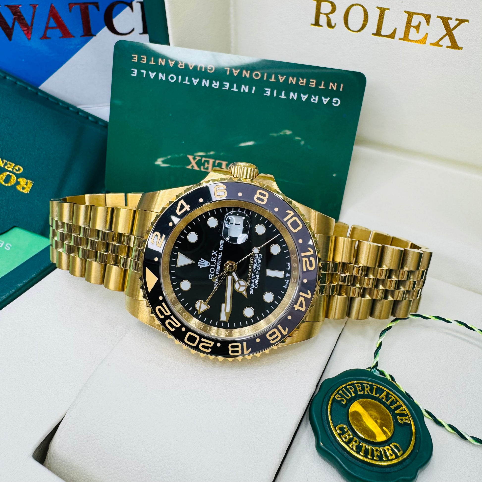 Rolex GMT Master II Automatic Full Golden with Black Dial Stainless Steel Jubilee Bracelet Men’s Watch
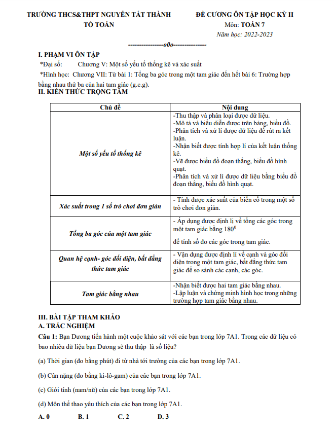 Sytu xin gửi đến quý thầy cô và các em học sinh lớp 7 đề cương ôn tập học kỳ 2 môn Toán năm học 2022-2023 tại trường THCS & THPT Nguyễn Tất Thành, Hà Nội.
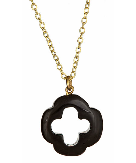 This Privileged clover necklace is a delicate piece, featuring a singular small pendant. The necklace is comprised of a thin gold chain, followed by a small black clover pendant.
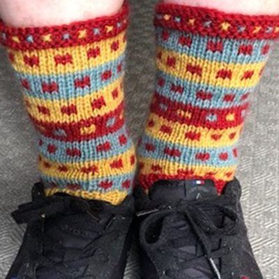 オカダヤオリジナルのDaily yarnから「メリノウール」を使った鮮やかな配色のレッグウォーマーです!
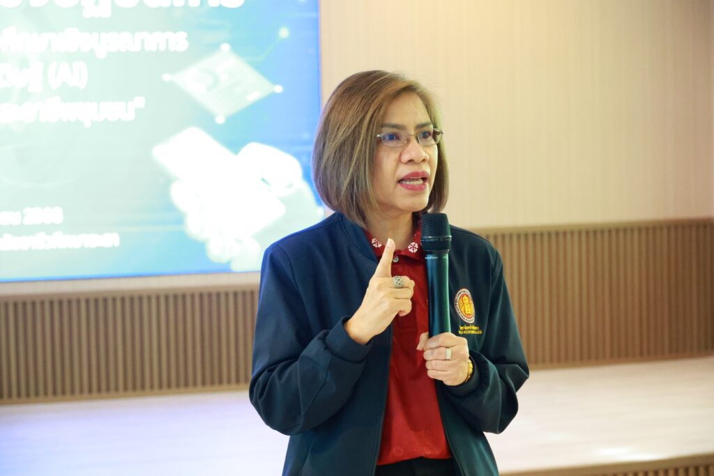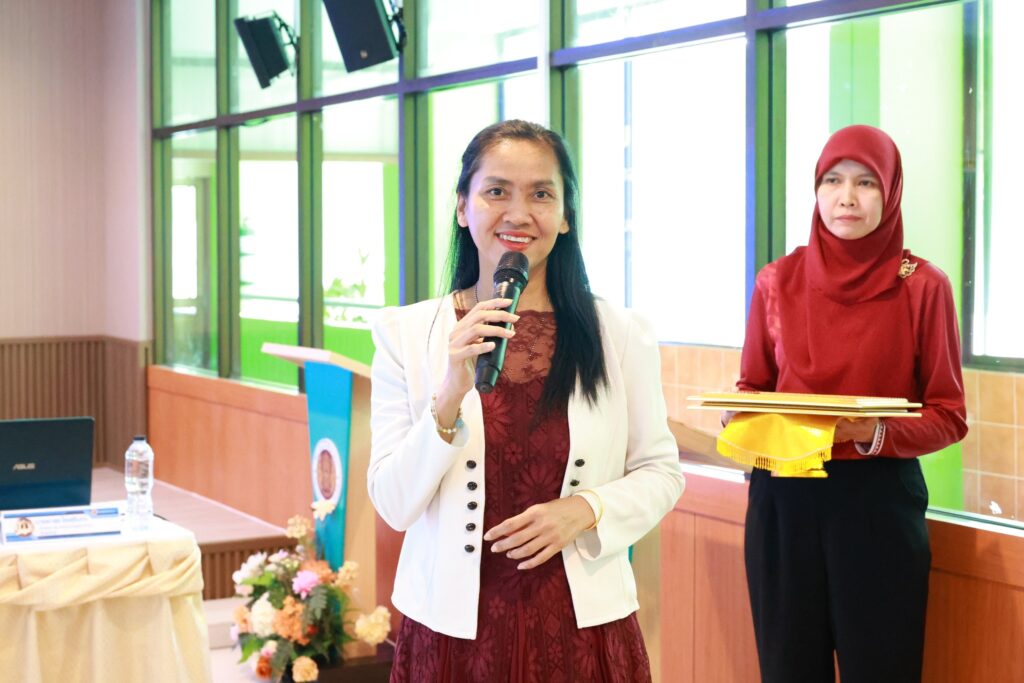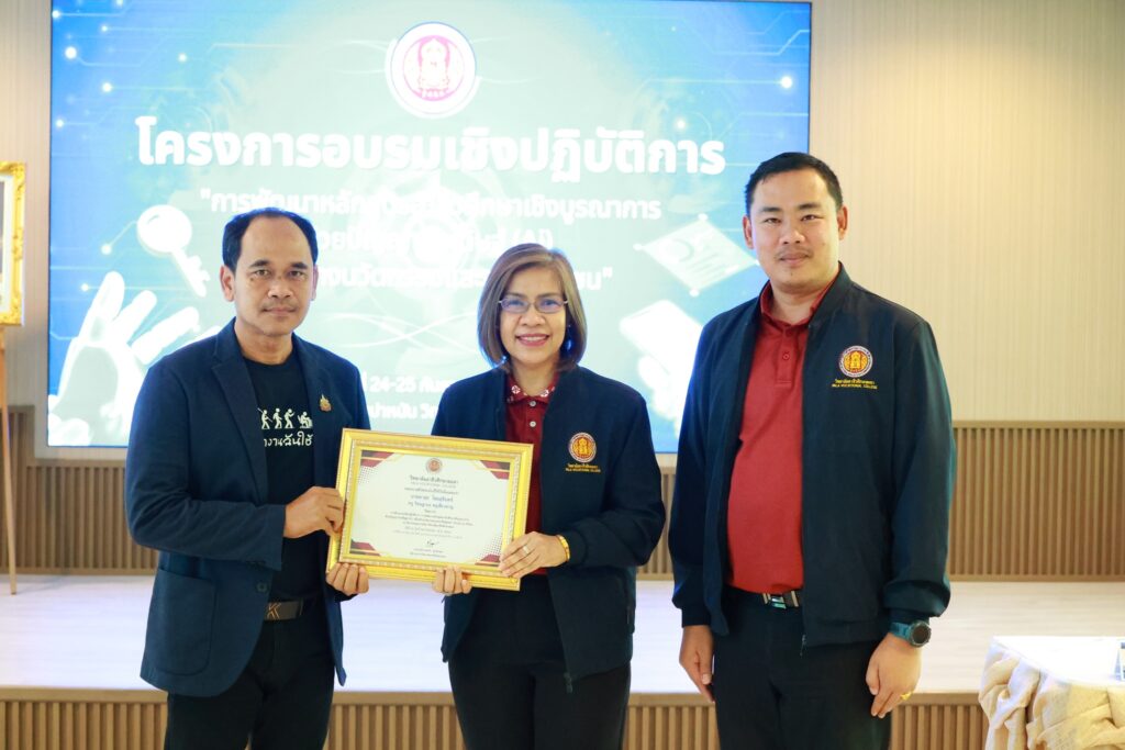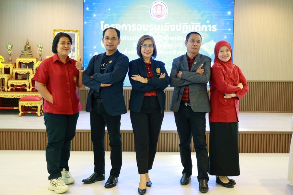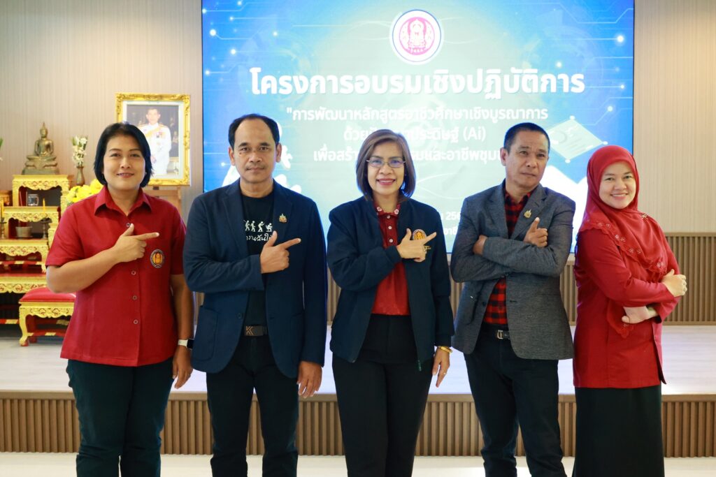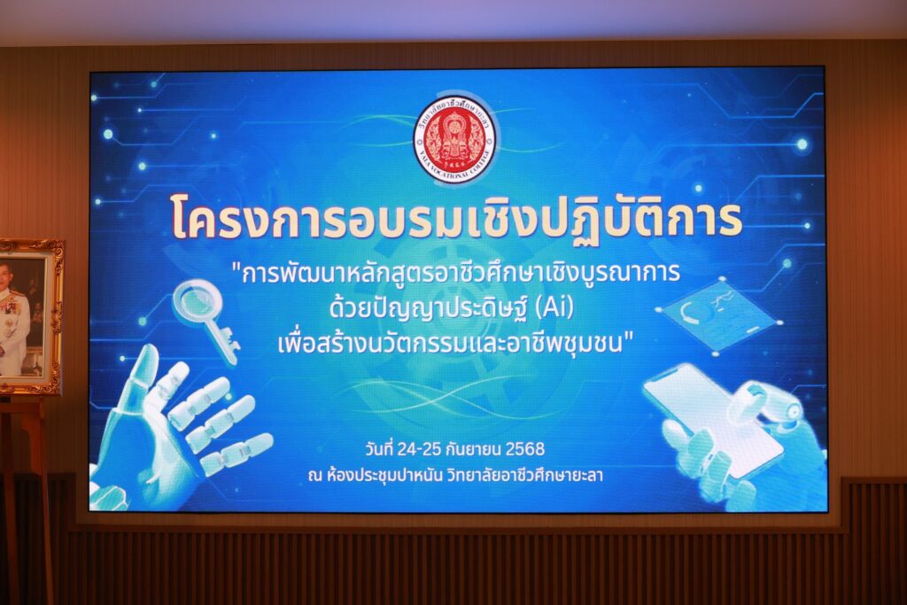 นางประกายแก้ว ศุภอักษร ผู้อำนวยการวิทยาลัยอาชีวศึกษายะลา เป็นประธานพิธีปิดโครงการอบรมเชิงปฏิบัติการ “การพัฒนาหลักสูตรอาชีวศึกษาเชิงบูรณาการ ด้วยปัญญาประดิษฐ์ (AI) เพื่อสร้างนวัตกรรมและอาชีพชุมชน” ณ ห้องประชุมปาหนัน วิทยาลัยอาชีวศึกษายะลา

Work instructions » Begin with the line containing "オカダヤオリジナルのDail" and end with the last line of the material above; return exactly those lines, both ends included, and omit all pictures.

Response box »
 オカダヤオリジナルのDaily yarnから「メリノウール」を使った鮮やかな配色のレッグウォーマーです!
 นางประกายแก้ว ศุภอักษร ผู้อำนวยการวิทยาลัยอาชีวศึกษายะลา เป็นประธานพิธีปิดโครงการอบรมเชิงปฏิบัติการ “การพัฒนาหลักสูตรอาชีวศึกษาเชิงบูรณาการ ด้วยปัญญาประดิษฐ์ (AI) เพื่อสร้างนวัตกรรมและอาชีพชุมชน” ณ ห้องประชุมปาหนัน วิทยาลัยอาชีวศึกษายะลา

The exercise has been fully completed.